A Multiscale Simulation Framework for Elucidating Photochemical Structure–Activity Relationships of Photoswitchable Ligands in Complex Biomolecular Environments

Predicting the photochemical structure–activity relationships (photo-SAR) of photoswitchable ligands in complex biomolecular environments remains a great challenge due to intricate protein–ligand interactions, strong electron correlation in multiple electronic states, coupled nuclear and electronic dynamics, and protein conformational flexibility. To bridge this gap, here we develop a unified multiscale simulation framework that integrates first-principles nonadiabatic dynamics, excited-state enhanced sampling, and ground-state alchemical free-energy calculations. We applied this approach to photostatins (PSTs), a class of photoswitchable tubulin inhibitors with promising light-regulated anticancer bioactivity, and validated our predictions against extensive experimental data, including ultrafast time-resolved crystallography, absorption spectra, and isomer-dependent bioactivity assays. Our simulations reveal, for the first time, that nonradiative decay rates correlate directly with equilibrium excited-state free-energy surfaces, which are modulated by substituents, protein electrostatics, and steric confinement. Specifically, protein electrostatic fields accelerate excited-state relaxation, whereas steric constraints oppose it. The balance of these factors determines the trend of excited-state dynamics across PST derivatives. Our results further show that the photoisomerization quantum yield depends on (1) the directional alignment of torsional motions with nonadiabatic coupling vectors during nonradiative decay, and (2) the propensity for backward ground-state isomerization, both of which are shaped by protein–ligand interactions.

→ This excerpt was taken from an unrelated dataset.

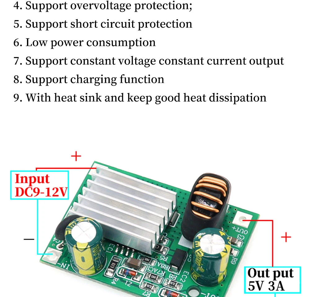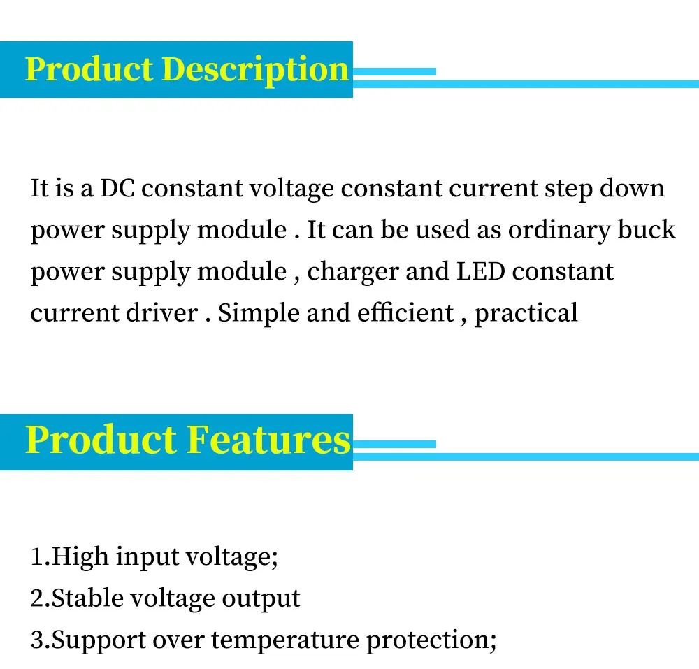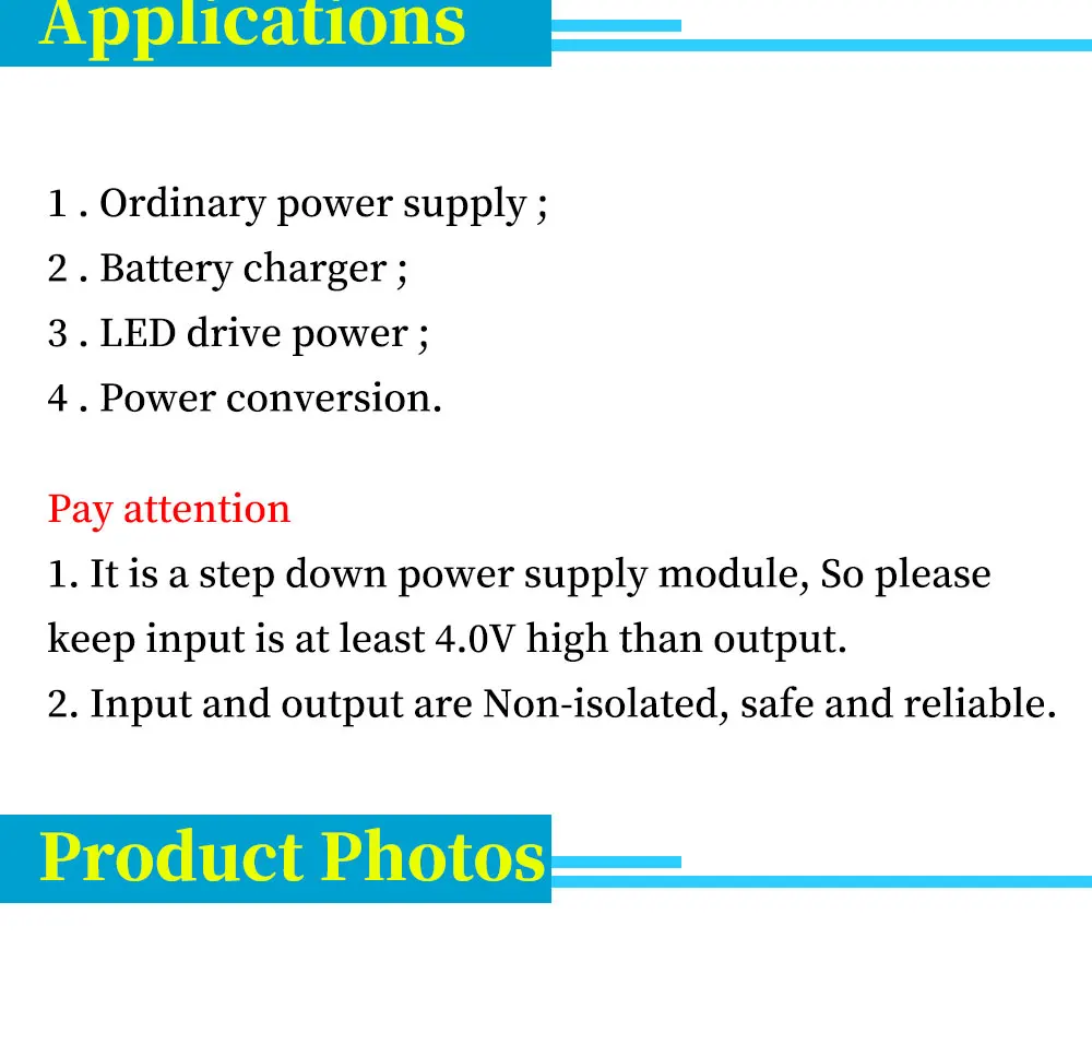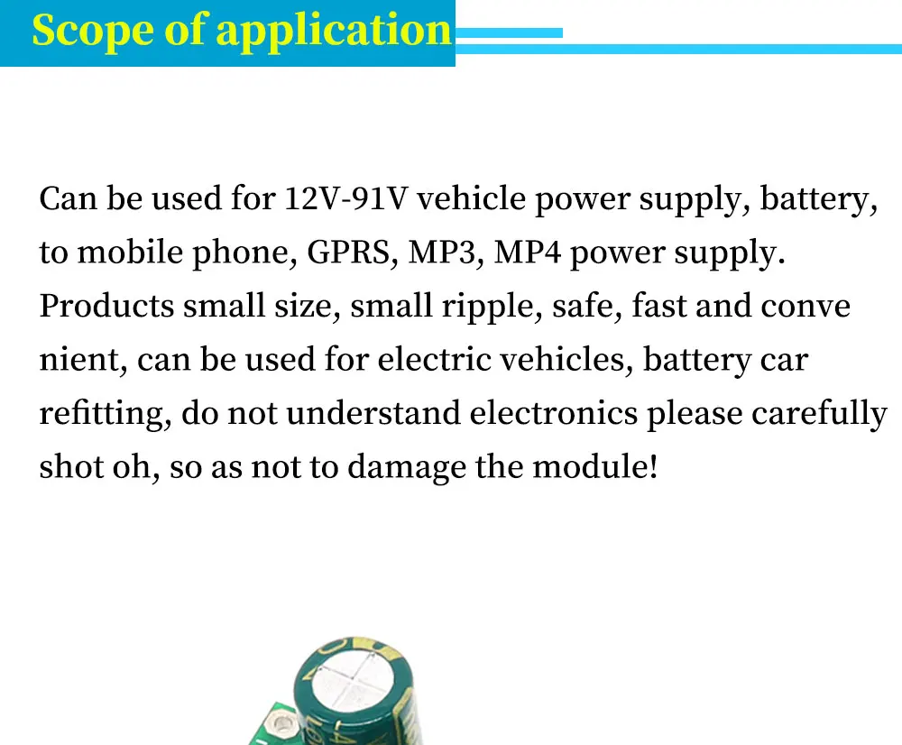 It can be used for 12v-90v vehicle power supply, battery, charging mobile phones, MP3, MP4, etc. The product is small in size, isolated from the power supply, with reverse connection protection, safe, fast and convenient, and can be used for electric vehicles, battery cars, etc. those who do not understand electronics should be careful to take photos, so as not to damage the module!
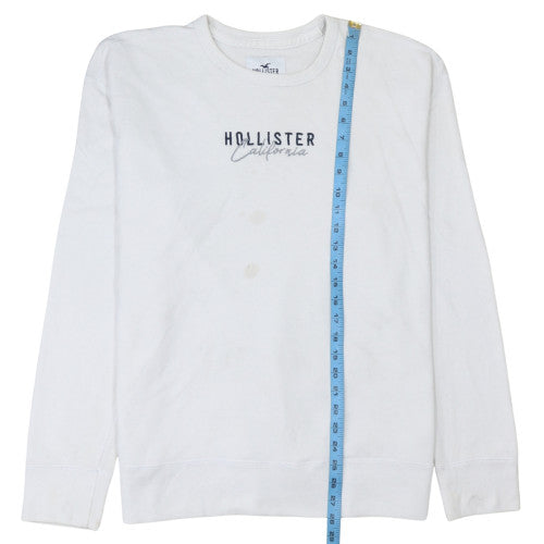 Elevate your casual wardrobe with this classic Hollister men's sweatshirt in crisp white. Crafted from a soft cotton and polyester blend, this pullover top provides breathable comfort and a lightweight feel that makes it ideal for layering during spring, autumn, or winter. The crew neck design and relaxed fit ensure both style and comfort, suitable for everyday wear, lounging, or outings. Featuring the iconic Hollister California logo across the chest, this sweatshirt captures an effortless coastal-cool aesthetic associated with the brand. Designed with long sleeves and ribbed cuffs and hem, it maintains shape while offering a laid-back fit that complements jeans or joggers perfectly. Made from 70% cotton and 30% polyester, it offers durability, softness, and easy maintenance—fully machine washable for convenience. The casual style and minimalistic design make this sweatshirt versatile for multiple occasions, from relaxed weekends to casual dinners. While this piece is in very good used condition, it has a couple of light marks on the front, which do not detract from its overall clean and stylish appearance. Its classic tone and graphic logo detail offer timeless appeal for those who appreciate understated clothing with subtle branding. This sweatshirt is ideal for men seeking comfort, practicality, and effortless California-inspired style. Whether worn alone or layered with jackets during cooler months, this Hollister piece stands out as a wardrobe essential that exudes comfort and modern simplicity. With its premium materials and signature logo design, it remains a must-have staple for anyone wanting to achieve that easy-going yet refined look.

Finally, among the free-energy methods tested, thermodynamic integration most accurately captures subtle substituent effects on the contrast in binding affinities between isomers, a critical metric for minimizing their off-target effects in the dark-adapted state. This work establishes a robust computational platform for accurately predicting photodynamics and light-responsive binding affinities of photoswitchable ligands in biomolecular systems, while also providing novel mechanistic insights that can facilitate their rational design in biological and biomedical applications.